H.I.J.A.
RESISTENCIAS | El 7 de marzo se estrena Femicidio. Un caso, múltiples luchas, un documental de Mara Avila donde narra en primera persona el femicidio de su madre en 2005. Graduada en Comunicación Social por la Universidad de Buenos Aires, Avila creó esta pieza para presentar como tesina de su carrera, que además es una investigación sobre el rol de los medios en la representación de los crímenes machistas, sobre todo tras la irrupción del Ni Una Menos en la agenda pública. Un retrato emocional y social de quienes quedan sin visibilidad después del desastre.
Imagen: Jose Nico

En un momento de las casi dos horas que dura Femicidio. Un caso, múltiples luchas, Mara Avila dice que baila para mover lo que no se ve. Explica, a través de fotos y de su propio relato, que después del femicidio de su madre (que en 2005 ni siquiera era nombrado como femicidio y que fue caratulado por la justicia como homicidio simple) pasó largos años sin saber cómo vehiculizar la bronca, el dolor, la espesura de eso que todavía no podía ni poner en palabras.
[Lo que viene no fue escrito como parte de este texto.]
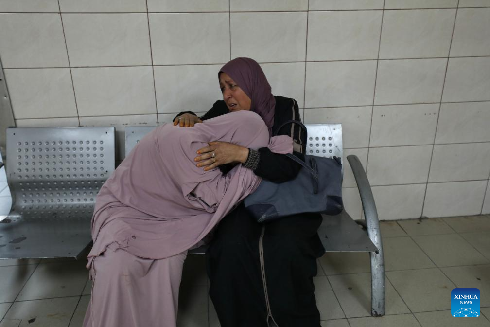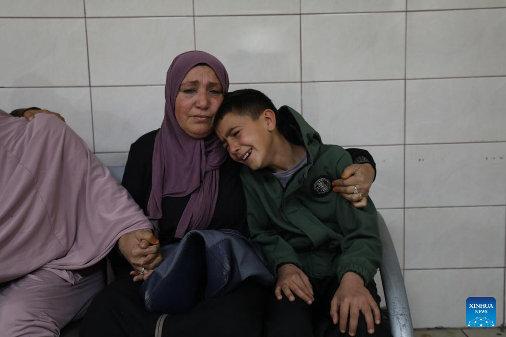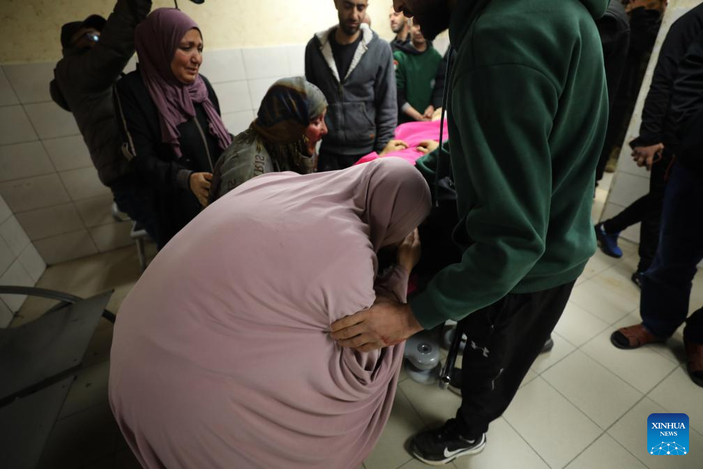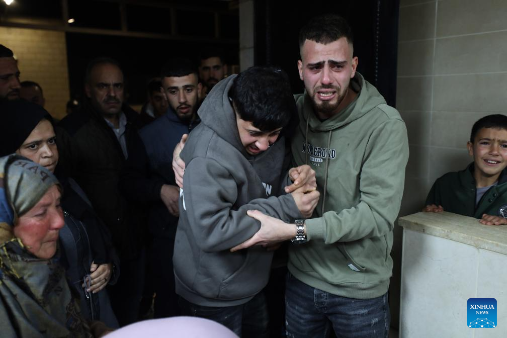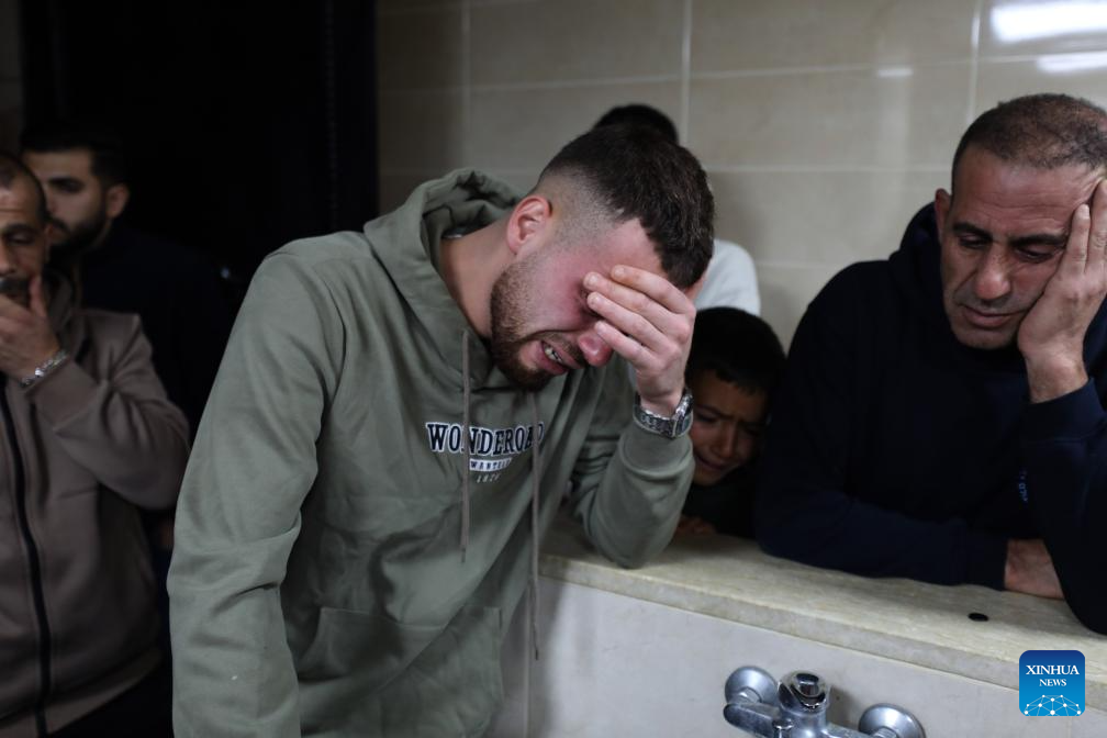 Palestinians mourn for a Palestinian man killed by Israeli settler violence, at a hospital in Nablus, in the northern West Bank, on March 14, 2026. A Palestinian man was killed and three others were injured on Saturday after Israeli settlers opened fire during an attack in the northern West Bank, according to the Palestinian Red Crescent Society and local officials. (Photo by Nidal Eshtayeh/Xinhua)

Primero viajó, desarmó todo lo que su mamá había fundado para vivir con ella después de la separación con su padre y pronto empezó a sentir esa bruma en su cabeza que no la dejaba pensar, y que solo pudo empezar a desarmar bailando, estudiando, hablando. “Y me vino muy bien que venga una terapeuta y le ponga nombre a lo que me estaba pasando, que era estrés post traumático, porque si bien yo tenía 25 años, no era “grande” como me dijo una vez una periodista. Yo era una nena y para mí mi mamá era todo” dice ahora. Por eso, estrenar este documental es para ella un cierre y un comienzo. Y un gran símbolo que se estrene un día antes del próximo Paro Internacional Feminista del 8M en el Gaumont, a metros del Congreso, donde tantas veces levantó la bandera por su madre y por todas las víctimas. “Yo no decidí la fecha pero viene muy bien” dice Mara, que a la plaza no faltó nunca desde el 3 de junio de 2015 y que hiló su documental en la idea de que poner el cuerpo es fundamental para exorcizar el dolor y para llamar la atención a quienes son indiferentes sobre el machismo, su capacidad de matar y la absoluta invisibilización de lo que ella llama “víctimas colaterales”. “Quedamos vivos y vivas pero hay un signo de pregunta sobre nuestras vidas que lleva mucho tiempo sanar” explica y dice que las ficciones sobre hijos e hijas de desaparecidxs la ayudaron a contar su propia historia pero que cree que la suya es la primera sobre una hija víctima de femicidio.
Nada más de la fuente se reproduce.